For signed curvature, what is the definition of signed curvature in terms of your signed normal and tangent? Remember that you're trying to find $\kappa_{s_{\epsilon}}$.

For the normal line part, what does it mean for a line to be tangent to $\epsilon$? What does a normal line at a specific point $s_0$ look like? We calculated the tangent to $\epsilon$ in the first part.

(More complete answer below)


$$\epsilon (s)=\gamma (s)+\frac{1}{\kappa_s(s)}n_s(s)$$

$\textbf{1.}$ We show that the arc length of $\epsilon$ is $\frac{-1}{\kappa_s(s)}$ up to a constant.
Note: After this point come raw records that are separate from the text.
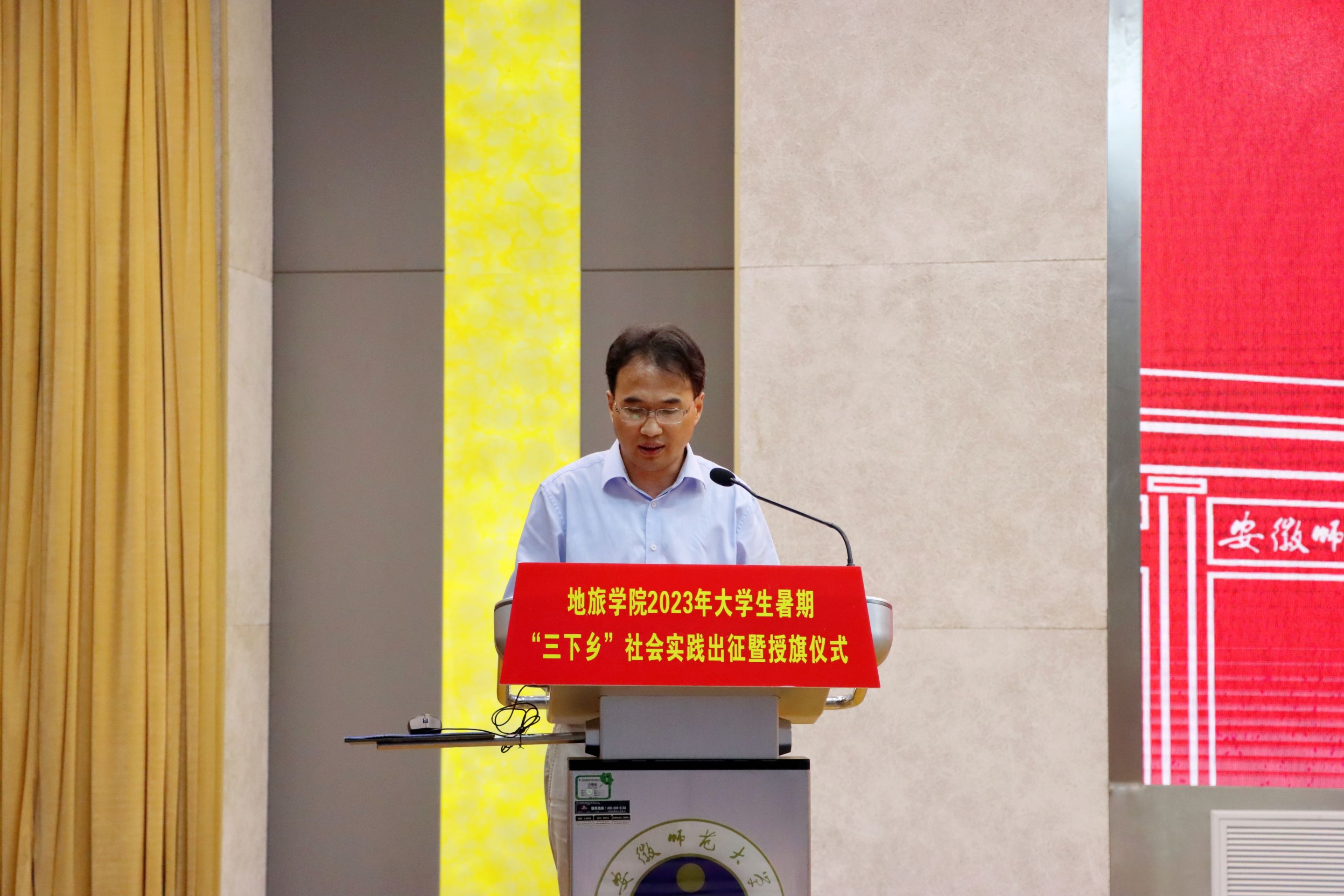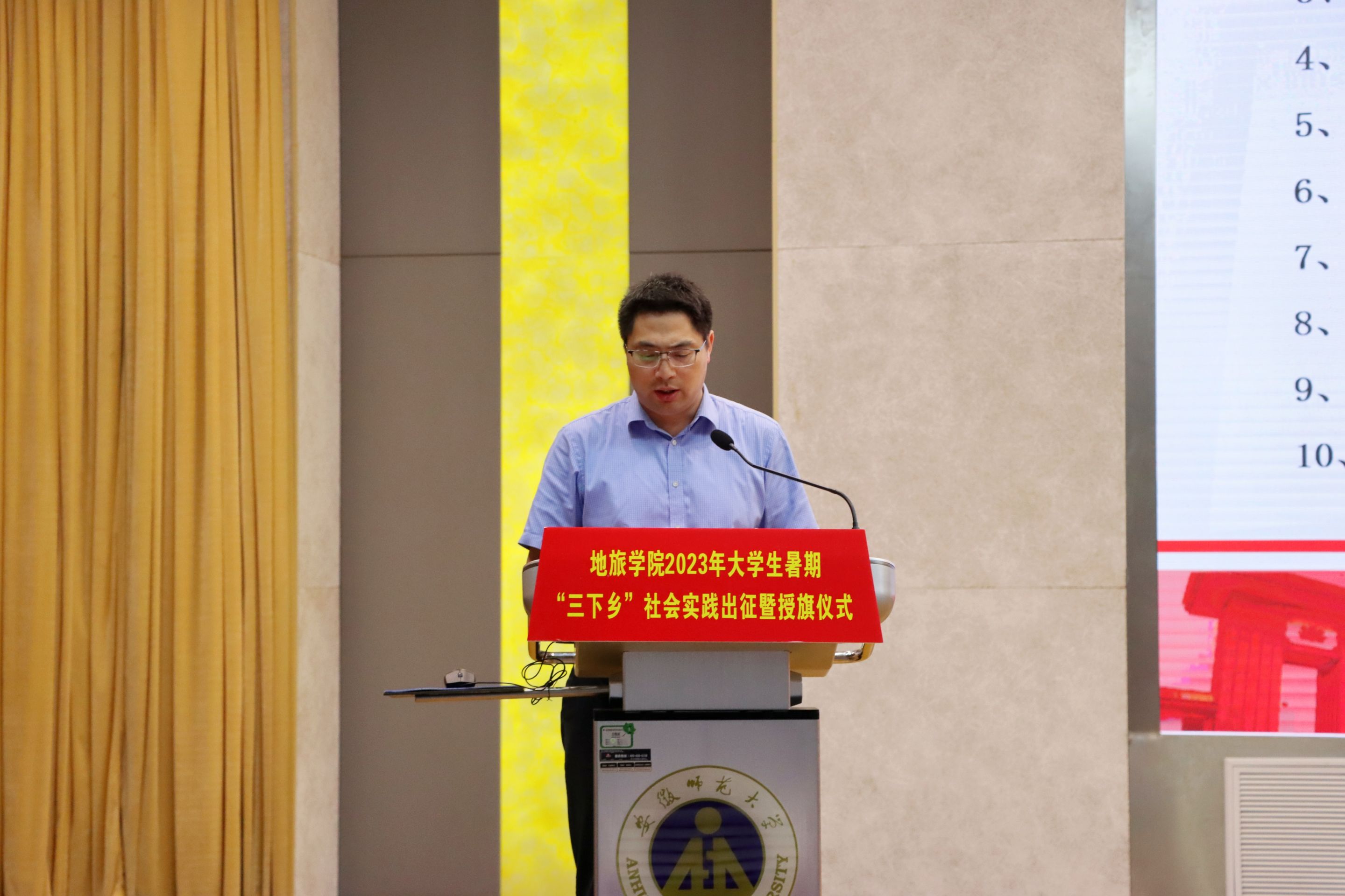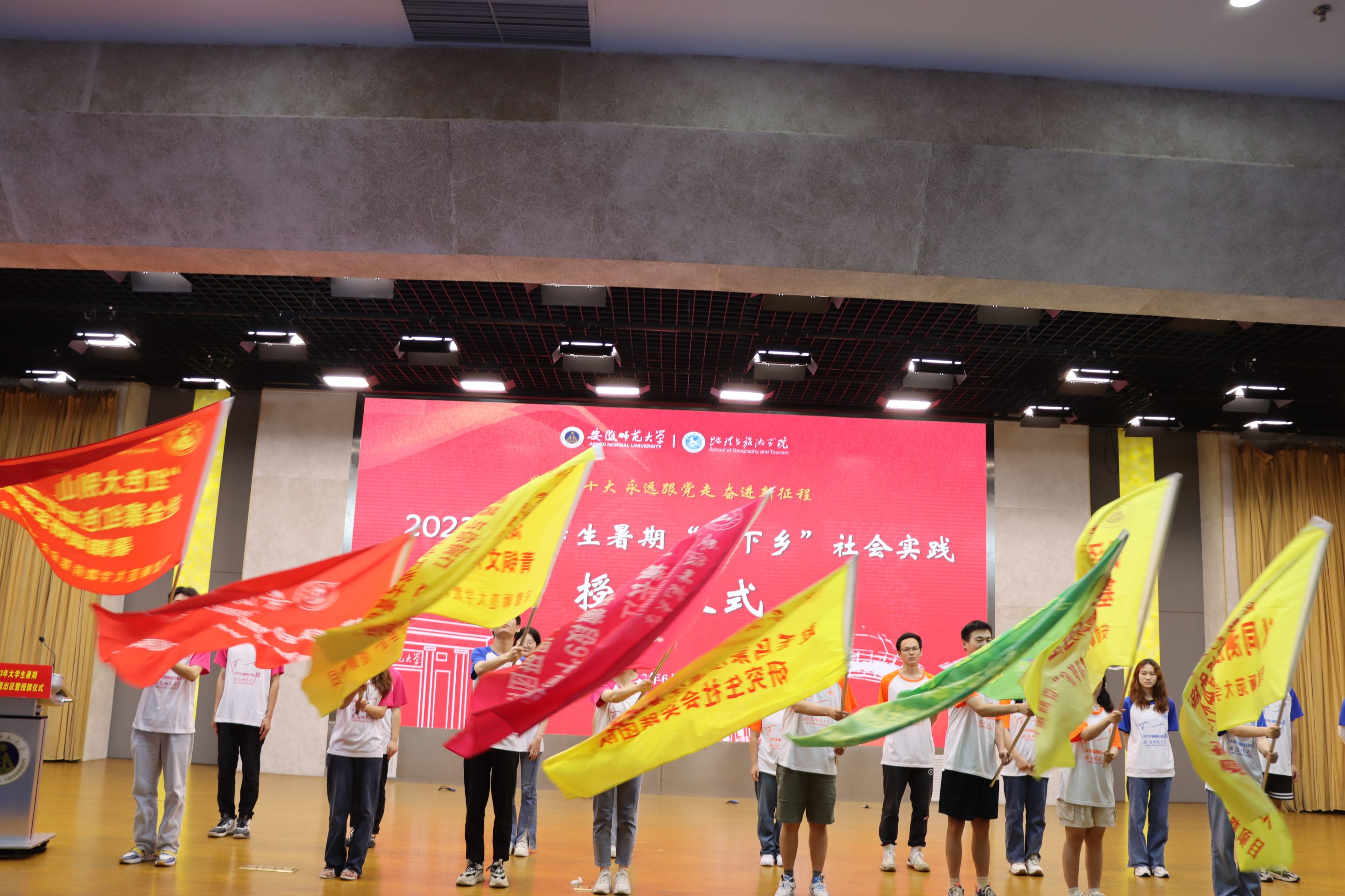 “行走的思政课堂”2023年大学生暑期“三下乡”社会实践出征授旗仪式暨安全宣传专题培训顺利举行。校团委书记廖仲明,思政指导教师安建增、李靖,女同做爱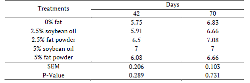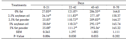The results of daily weight gain are presented in Table 4. In 0-29 days of age, 5% supplemented soybean oil significantly increased weight gain compared to 2.5 and 5% supplemented fat powder and 2.5% supplemented soybean oil (p < 0.05). In the period of 22-42 days of age, the treatment containing 5% soybean oil had the highest daily weight gain and the treatment containing 2.5% soybean oil had the least weight gain (p < 0.05). In the period of 43-63 days, the treatments containing 5% soybean oil and 5% fat powder did not differ significantly (p > 0.05), but both of these treatments significantly increased the weight gain compared with other treatments (p < 0.05). In the whole period, 5% soybean oil treatment had significantly higher weight gain than other treatments (p < 0.05).
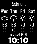 Digital watch with weather and health data summary, and forecast, with two shakes of the wrist. Select which health data to display. Additional Premium Features: - Select from 16 color combinations - Weather Underground data that is much more accurate than the free Open Weather - Second timezone - Language - Bluetooth disconnect alert - Low battery alert - Hourly vibe - Do not disturb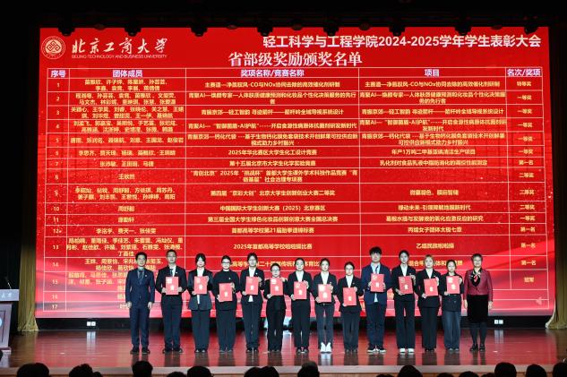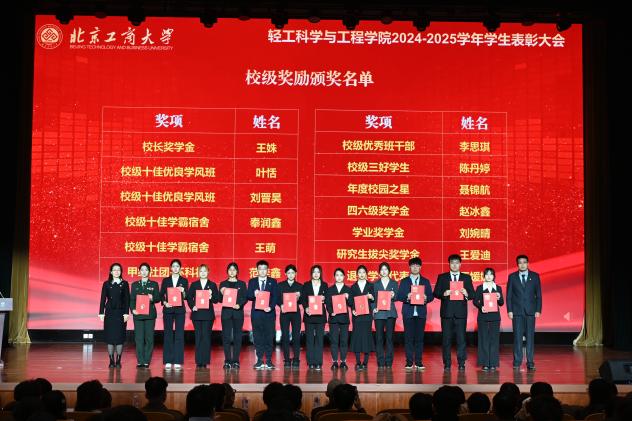 在热烈的掌声中,轻工科学与工程学院 2024 - 2025 学年学生表彰大会圆满落幕!此次表彰大会不仅为莘莘学子树立了奋进的标杆,更凝聚起全院师生锐意进取、再创新佳绩的磅礴力量。未来,学院将持续立足轻工学科前沿,聚焦服务国家和首都的发展战略需求,以更为优异的成绩,为学院的高质量发展以及学校高水平研究型大学的建设贡献力量!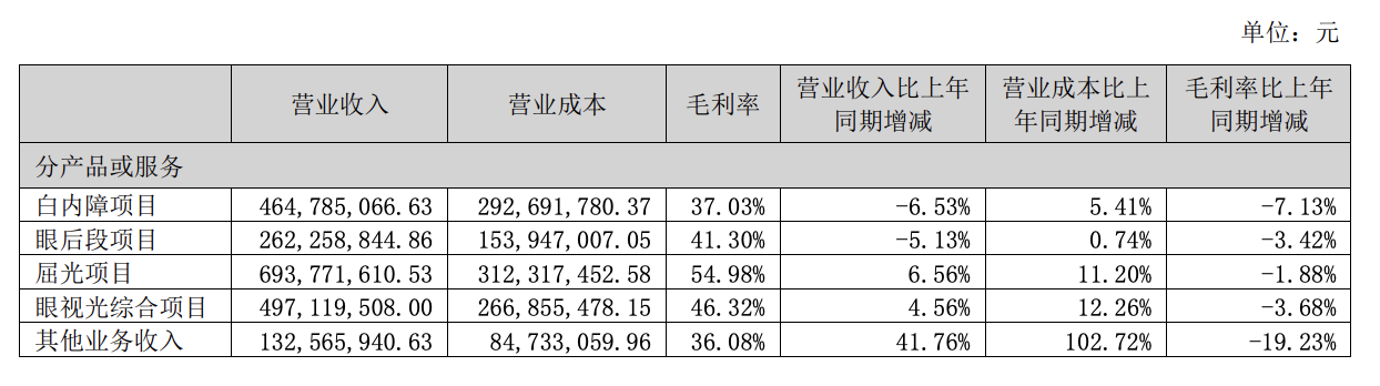 分产品和服务来看,2024年上半年,公司白内障项目和眼后段项目上半年营收出现明显下滑,营收分别为4.65亿元、2.62亿元,分别同比下滑6.53%、5.13%。毛利率分别为37.03%、41.3%,同比分别减少7.13个百分点和3.42个百分点。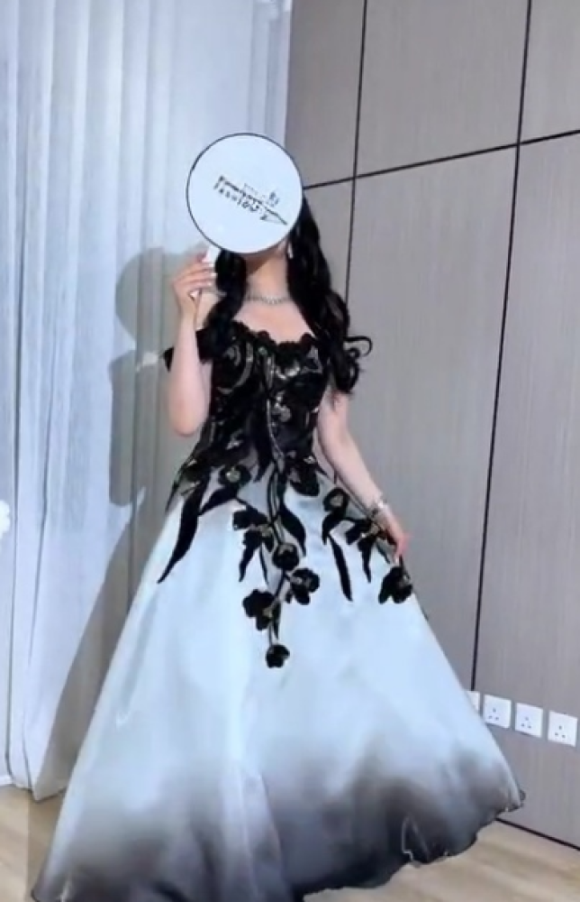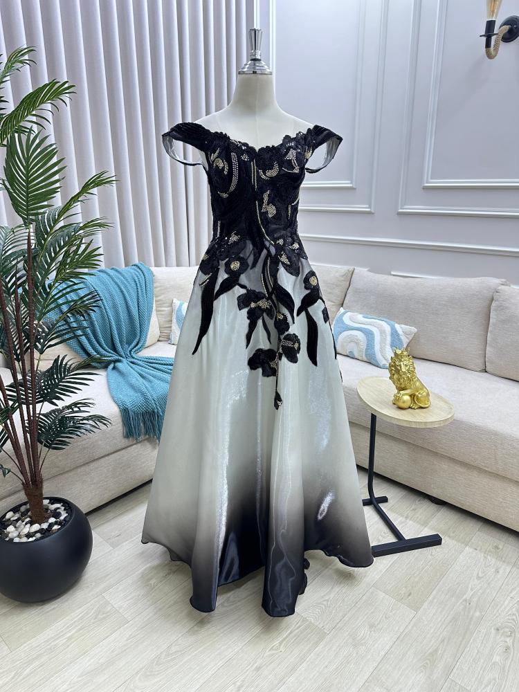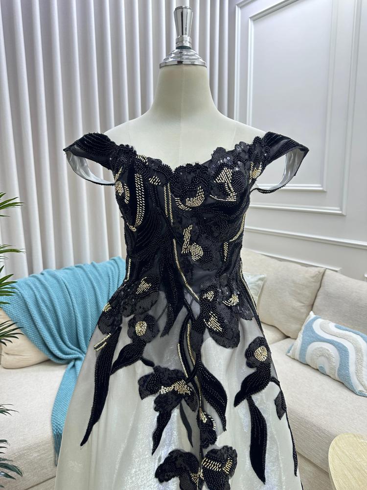 فستان سهره اللون اسود على ابيض شك. سهره. راقي. دبل كلوش من متجر جوهره TR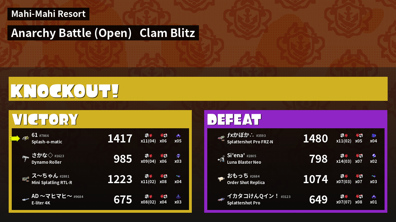| Mode | Clam Blitz - Anarchy Battle (Open) | ||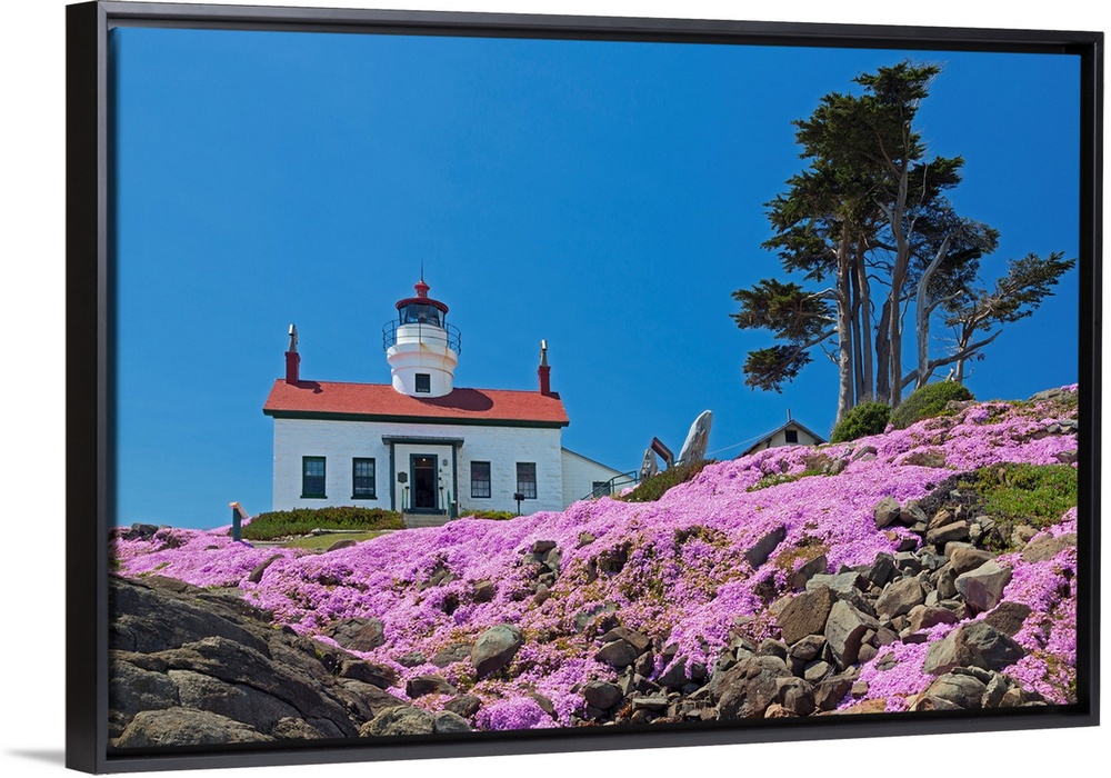 <p>CA, Crescent City, Battery Point Lighthouse, Ice Plants in full bloom.</p>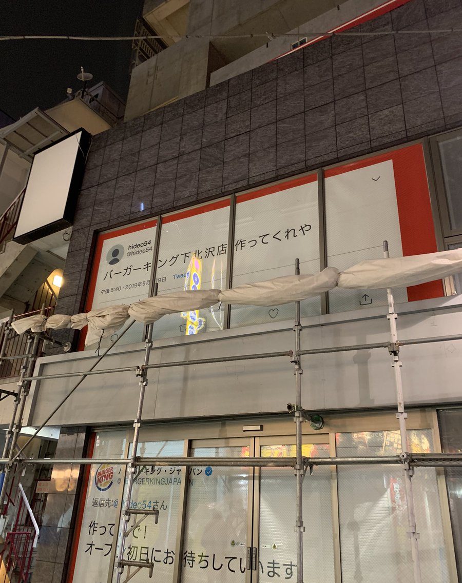 作ってんで!オープン初日にお待ちしています。— バーガーキング・ジャパン (@BURGERKINGJAPAN) 2019年12月9日ありがとうございます! 最高です????行きます! 通います!!— hideo54 (@hideo54) 2...
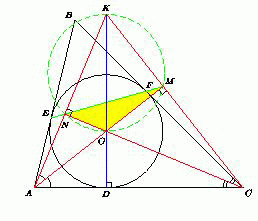 Окружность с центром O вписана в треугольник ABC и касается его сторон AB, BC и AC в точках E, F и D соответственно. Прямые AO и CO пересекают прямую EF в точках M и N. Докажите, что центр окружности, описанной около треугольника OMN, точка O и точка D лежат на одной прямой.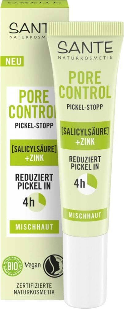 Средство SANTE Pore Control Blemish Stop обеспечивает целенаправленное и немедленное облегчение симптомов прыщей и пятен, обладает антибактериальным эффектом, снимает воспаление, а также уменьшает покраснение и раздражение.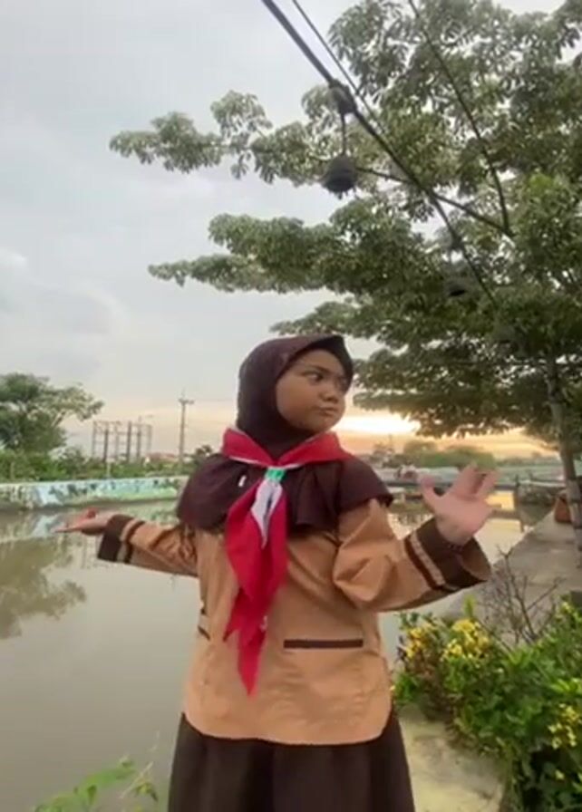 young girl standing by a canal. She is wearing a brown hijab and a tan uniform with a red and white scarf. The canal water is still and reflects the sky. The sky is a mix of clouds and the setting sun, which provides a warm glow behind her. The girl is gesturing with her hands and appears to be speaking, suggesting she may be singing or narrating something. There are trees and foliage around the canal, and some power lines run above her head. In the background, a structure resembling scaffolding can be seen.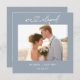 Anuncio de fuga sin recepción | Tarjeta de anuncio de boda con foto 'nos fugamos' de letra manuscrita simple y elegante en azul polvoriento para minimalista | Tarjeta de boda de fuga con letra caligráfica |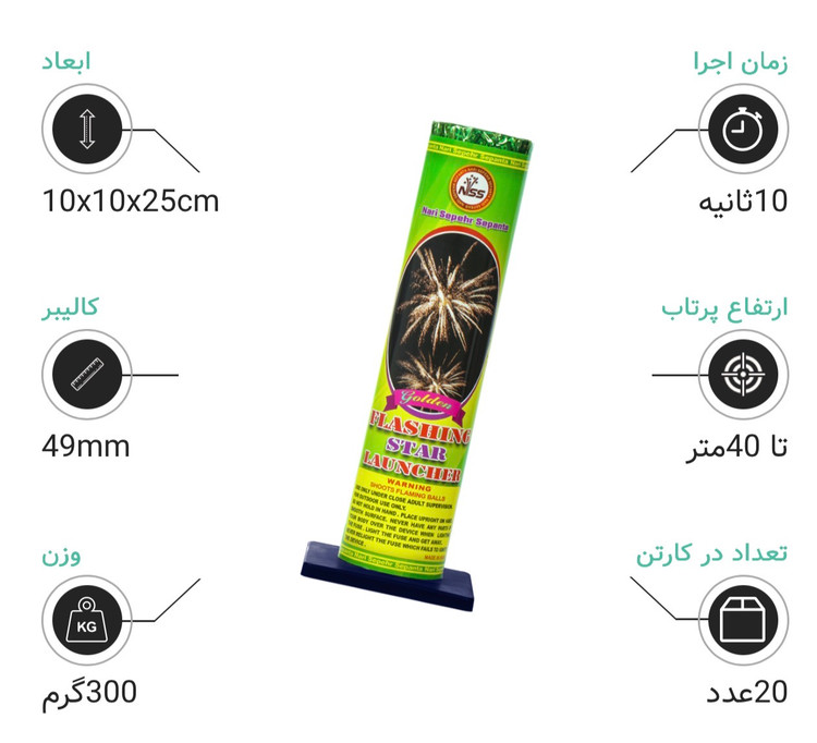 - اگر به دنبال ایجاد یک نمایش نورافشانی شگفتانگیز در جشنهای خود هستید، لانچر فلشی از دسته هواییها انتخابی بینظیر است! این محصول با زمان اجرای ۱۰ ثانیه و پرتاب به ارتفاع ۴۰ متری، ترکیبی از ستارگان درخشان و جلوههای ویژه را در آسمان به نمایش میگذارد.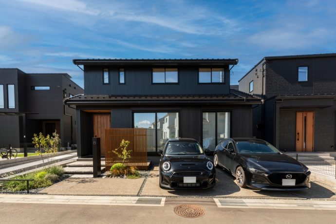 NEW家族のつながりを感じる吹き抜けのある家 間取り:3LDK+青空リビング+ロフト 延床面積:105.15㎡(31.75坪) 家族構成:3名(ご夫婦+お子様1名) 2階建てジャパニーズモダン 詳細を見る

First off, I'm going to forget about the $s$ notation-wise so assume everything is a function of $s$ unless stated otherwise.

Well, we take the derivative of $\epsilon$ with respect to $s$ to get the arc length: $$\dot{\epsilon} = \dot{\gamma} + \frac{1}{\kappa_s}(-\kappa_s \mathbf{t})-\frac{\dot{\kappa_s} \mathbf{n_s}}{\kappa_s^2}=-\frac{\dot{\kappa_s} \mathbf{n_s}}{\kappa_s^2}$$

(recall $\mathbf{\dot{t}} = \kappa_s \mathbf{n_s} \implies \mathbf{\dot{n_s}} = -\kappa_s \mathbf{t}$ for a unit-speed curve since $\mathbf{n_s} \cdot \mathbf{t} = 0$ so $\mathbf{\dot{n_s}} \cdot \mathbf{t} + \mathbf{n_s} \cdot \mathbf{\dot{t}} = 0 \implies \mathbf{\dot{n_s}} \cdot \mathbf{t}= - \kappa_s(\mathbf{n_s \cdot n_s}) = -\kappa_s \implies \mathbf{\dot{n_s}}(\mathbf{t}\cdot \mathbf{t}) = \mathbf{\dot{n_s}} = -\kappa_s \mathbf{t}$)

Now, the arc length is given by $$u=\int \| \dot{\epsilon} \| \,ds = \int \frac{\dot{\kappa_s}}{\kappa_s^2} \,ds = -\frac{1}{\kappa_s} + C$$ Note that the second equality holds since we assumed $\dot{\kappa_s} > 0$.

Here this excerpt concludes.